Q: I believe I saw you at the Grog Shop in Cleveland years ago … maybe 2003 or 2004 or something. Just though I'd start this whole thing off with that note — I'm from Cleveland, you're from Oberlin. Tell me a little about the city, what you think of the place …
A: Oh! 2003! What'd you think of the show?… feels like a long time ago… Mostly places are about the people in them, and the time I was in Oberlin there were great people moving in and around. The school sort of had this "bubble" thing? The minute you arrived everyone was like, "Don't get stuck in the bubble!". But sometimes it was a great bubble! Just talking about and making things, monthly concerts in the recital halls and try to make them as bizarre as possible, all nights in the studio, instruments filling the living room for anytime jams, and then going to the one bar in town because it was the only place to go. I also spent a lot of time on Greyhound busses… I highly recommend a good five hour sit at the Elyria Greyhound sometime. We'd go into Cleveland pretty frequently for the Bent Crayon and that thrift store Unique. We had our first big shows in Cleveland… I really like that stretch on 90 I think? Where you're elevated over all the industrial gunk, flames burning out of smoke stacks? Then you come up on the stadium! I didn't grow up in Oberlin though, I think I have only a glimpse of it.
Q: You released a bunch of records, before signing to Ghostly in 2005, via the Oberlin collective you co-founded, Shinkoyo. Where did that name come from and what's the underlying purpose or mission statement of Shinkoyo?
A: Shinkoyo came out of all those things… I think we wanted to have some vessel to send things out of the bubble? Seve Martinez and I got "loans" to put out the first three records (Skeletons, Peter Blasser's "sound of doves in a cave", and Seve's "Clocks and Psandas") and we'd have big round table "board meetings"… really heated discussions between 8 or 9 people, amazing! Seve had a dream that he was going to start a fashion company called Shin12koyo, but the 12 was silent… We found out that Shinkoyo sort of means "new employment" in Japanese. Then Doron Sadja put out a record with 12k… We were talking about a logo with two dead birds, and Seve and Peter found this flag that we adopted as the logo… which ended up being Pennsylvania Dutch – a sign to ward off evil spirits – we had been using it upside-down! We spent one meeting writing up our "mission statement" which said something about newness and collaboration and technology without "tech or retro – fetishism"!? We never really had any money though, or distribution beyond bringing records to record stores while we were on tour, which we still do. We've also put most of that music up to be listened to on the Shinkoyo site.
Q: Any cool projects coming up with that?

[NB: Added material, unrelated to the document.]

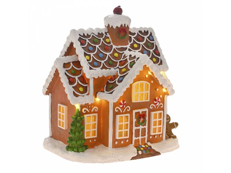 Χριστουγεννιάτικο πολυρεζίν σπίτι με γλυκά με φως 25x17x27 εκ. μπαταρίας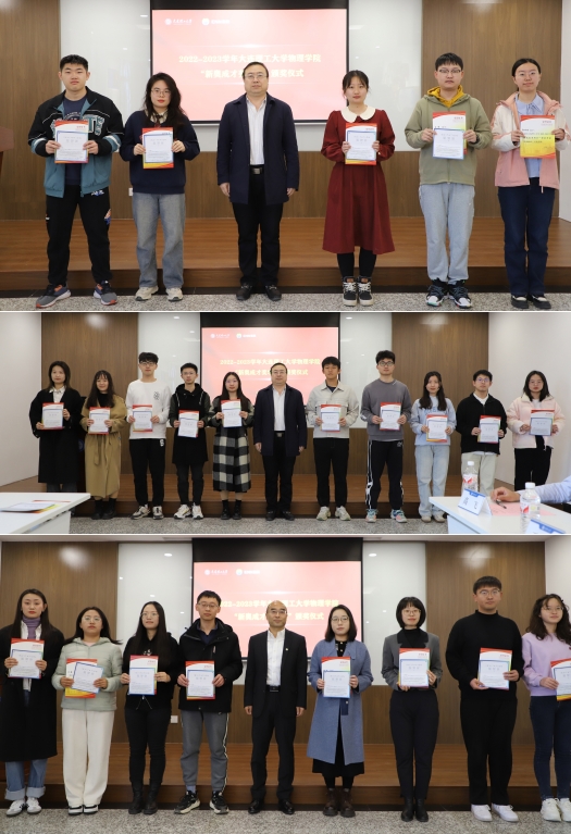 捐赠仪式结束后,举行了2022-2023年“新奥成才奖学金”颁奖仪式。刘敏胜和物理学院党委书记于长水为获奖学生颁奖。

A: So many if only we had money and time! We co-released a new Sejayno (Peter B., Seve, and Carson Garhart) record. Doron and Zeljko McMullen are running a performance space in NY called Paris London West Nile, recording and archiving much great music played there. I've been preparing video for internet TV shows. And we have albums and albums waiting to be put out into the world, gathering lovely dust…
Q: You're clearly an eclectic musician. Your lyrics, continually-rotating and enlarging line-up, tremendous array of musical styles and these, and overarching ambitious, completely unique sound make that very clear. So tell me a little about your musical background!
A: Hmm… I started pretty young playing music, but never practiced enough. My major in college was Technology in Music and Related Arts.
Q: Regardless of how many influences you cite and how many instruments you throw into your arrangements, your songs continually wind up sounding sort of lo-fi. Not necessarily bedroom recording lo-fi, but just quieter and more restrained than what one would assume you sound like on paper. What the writing, recording, and producing process like for you?
A: I think it depends how loud you listen to it! I've always wanted the records to be their own thing… they have to be, considering the space and the tools you have to make it. It means the process is always changing… when we made Lucas we moved into a new place (The Silent Barn, they have shows at now…) and sort of halted recording in order to build our rooms. Set up the "studio" in the basement, which had the biggest effect on the sound of the record. Every track recorded in that room sounded like that room, so you sort of have to learn how to use it to your benefit. Everything beyond the "sound" has an effect too… the place and time and people. Now we're recording at a place in Times Square, only at night, only a few days sporadically, paying for time. So where Lucas was more like sculpting, long hours adding and taking away things – the process now is much more planning, every part, every sound, every experiment. Oh, and I think what you're talking about is trying to keep things multidimensional? Trying to make something BOTH loud and soft at the same time or funky and fucked up and the same time… so the focus becomes finding the overall feel of the record that differs from a description of it's parts, it's own thing?
Q: And speaking of influences … Skeletons is routinely compared to the likes of Sonic Youth, free jazz groups, no-wave bands, Can, and Prince. How accurate would you say these parallels are and how well do you personally identify with them? What are you own influences?
A: I like all of those things very much, so I appreciate the parallels… but I hope that it always takes a few parallels to sort of deliver a picture. I'm always searching for something that hits me so hard I can only listen and gather up everything that band or person did for a while… it keeps happening!
Q: Why all the regularly-altering band names? Skeletons & the Girl-Faced Boys; Skeletons & the Kings Of All Cities … where did the monikers come from?
A: It's nice to have a name that can change a l'il bit, no?
Q: I love the video you most recently made for "Sickness." Who directed that and what was the aim with the film? It's a pretty eerie film … like a David Lynch-inspired quest done Hunter S. Thompson style. (Was that way off?)
A: Thanks! The video was directed by Jojo the King, Minister of the New New Heavy, Senior VP of Development for Skeletons, INC. It was filmed between Nevada and Kansas for no money. We started filming at 3am when we ran out of gas in the middle of the desert. The story finished itself! You start to notice all the abandoned gas stations more when you run out of gas once or twice.
Q: From what I understand, you've a history with the visual arts, too. How does this affect your musical work and what stuff are you currently working on now outside of Skeletons?
A: I'm working on quite a bit of video… When Skeletons first started, there was an idea to keep it multimedia. The first record we did with Shinkoyo was originally an album with videos from start to finish, mostly from educational videos about driving and growing up. It sort of fell to the side when we started touring so much, but in the past year or so I've tried to always have a camera around. Lately I've been shooting various things, little ideas, TV shows, etc. I'd like to make musicals.
Q: Aside from touring next year, what else is on the horizon for you? Are you recording a new record? Working on some sort of collaboration?
A: We're right in the middle of a record right now, and starting another one if time permits before we go on a big tour in the Spring, plus there's another one that's about 90 percent done that I recorded a while back more solo style. I'm hoping to get them all out in the next year, that's my resolution. That and maybe exercising. And keeping my job.
Q: I think that's about it. Thanks so much for doing this interview. Hope to see you soon!